A System of Audio Data Analysis and Masking Personal Information Using Audio Partitioning and Artificial Intelligence API (오디오 데이터 내 개인 신상 정보 검출과 마스킹을 위한 인공지능 API의 활용 및 음성 분할 방법의 연구)

  • Kim, TaeYoung;Hong, Ji Won;Kim, Do Hee;Kim, Hyung-Jong
    • Journal of the Korea Institute of Information Security & Cryptology
    • /
    • v.30 no.5
    • /
    • pp.895-907
    • /
    • 2020
  • With the recent increasing influence of multimedia content other than the text-based content, services that help to process information in content brings us great convenience. These services' representative features are searching and masking the sensitive data. It is not difficult to find the solutions that provide searching and masking function for text information and image. However, even though we recognize the necessity of the technology for searching and masking a part of the audio data, it is not easy to find the solution because of the difficulty of the technology. In this study, we propose web application that provides searching and masking functions for audio data using audio partitioning method. While we are achieving the research goal, we evaluated several speech to text conversion APIs to choose a proper API for our purpose and developed regular expressions for searching sensitive information. Lastly we evaluated the accuracy of the developed searching and masking feature. The contribution of this work is in design and implementation of searching and masking a sensitive information from the audio data by the various functionality proving experiments.

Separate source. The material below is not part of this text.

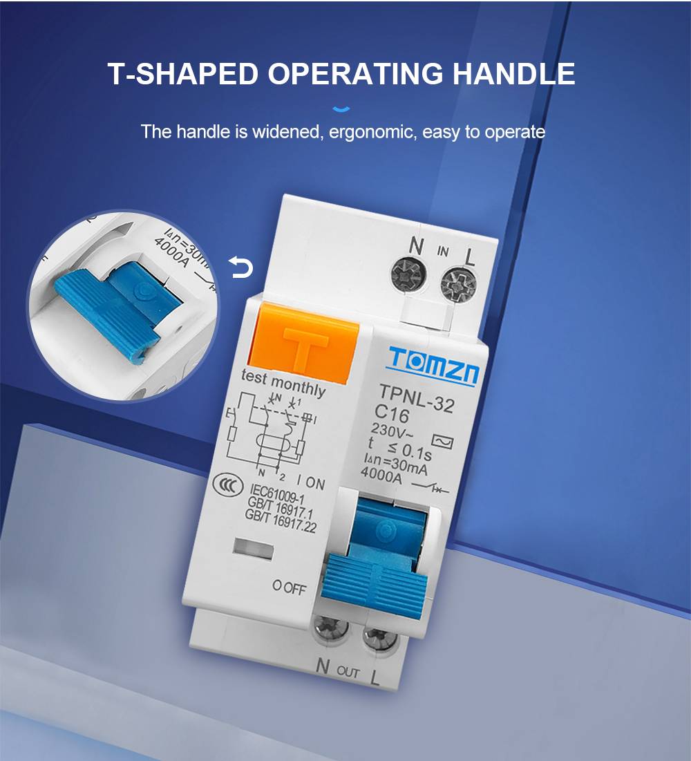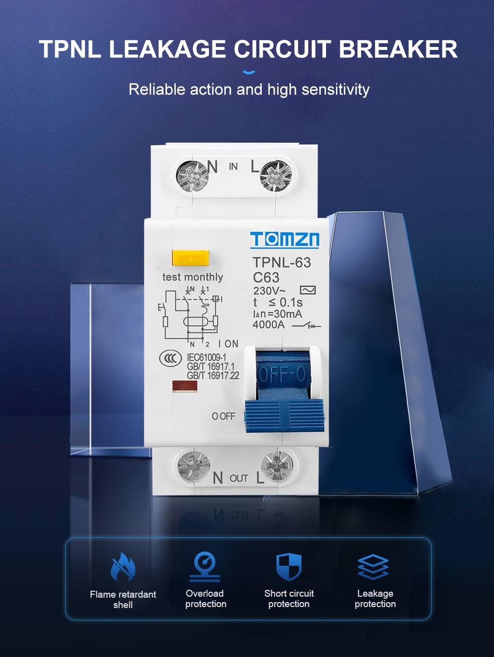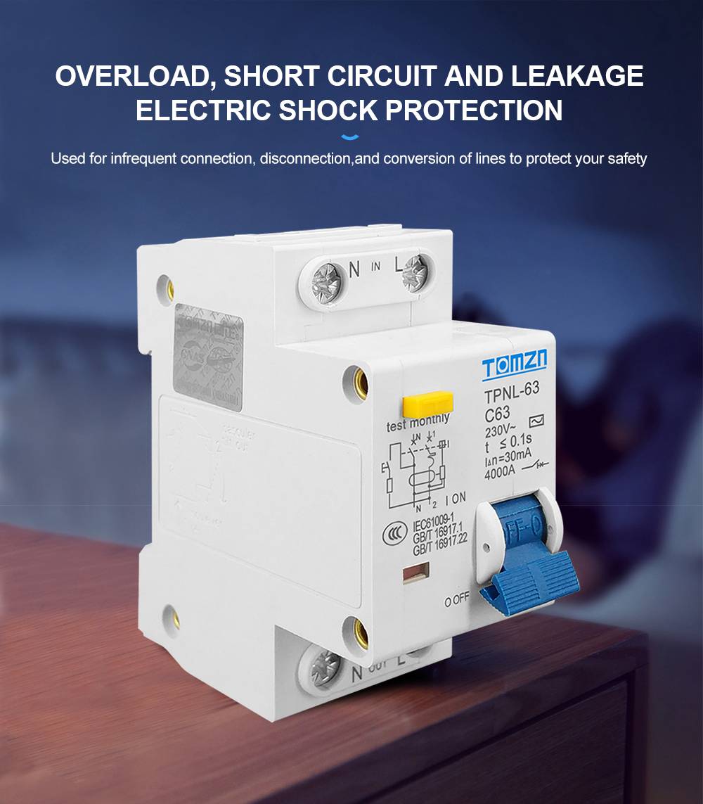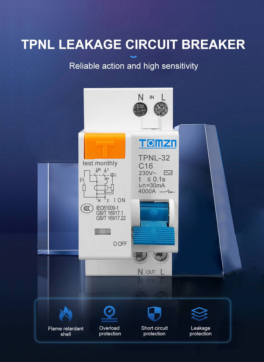 TPNL漏电保护断路器,TPNL漏电保护断路器(相线+中性线+ +过载电压)泄漏保护断路器用于单相住宅电路的交流50 hz / 60 hz,额定电压220 v,用作电子冲击保护。它可以保护公民电子电路过载和短路。本产品具有体积小、分断能力高零,和现场电线把同时都剪掉,也保护个人免受电击时livewire连接相反。

Metrical Structure Change Phenomenon of K-Pop Songs : Focusing on Dance Music (K-Pop 노랫말의 운율구조 변화 현상 : 댄스음악을 중심으로)

  • Seo, Keun-Young
    • Journal of Korea Entertainment Industry Association
    • /
    • v.14 no.7
    • /
    • pp.343-362
    • /
    • 2020
  • English is a stress-timed language that has a phonetic system in which the speech is restructured by stress changes. On the other hand, Korean is a syllable-timed language in which each syllable is pronounced at almost the same length and intensity, and Korean and English have distinctly different metrical systems in general speech. However, as the language of the lyrics in K-Pop music is mixed in both languages, Korean and English, the Korean lyrics in K-Pop music have a metrical system by stress changes as in English. The writer's view is that the change in the metrical structure of Korean lyrics is inevitable in order to sustain the new Korean Wave. Therefore, in this study, dance music - a major genre of K-Pop music that focuses on rhythm expression - is classified into 1998, 2003, and 2009 according to the changes in the Korean Wave, and the metrical structure of each period is compared and analyzed. Based on this, the current K-Pop metrical structure features are derived and the K-Pop Korean writing method is proposed that deviates from the existing limited writing method which allocates one syllable per note. The author hopes this research will be used as a methodology for writing lyrics in Korean songs in K-Pop, as well as a way to encourage the use of Korean lyrics.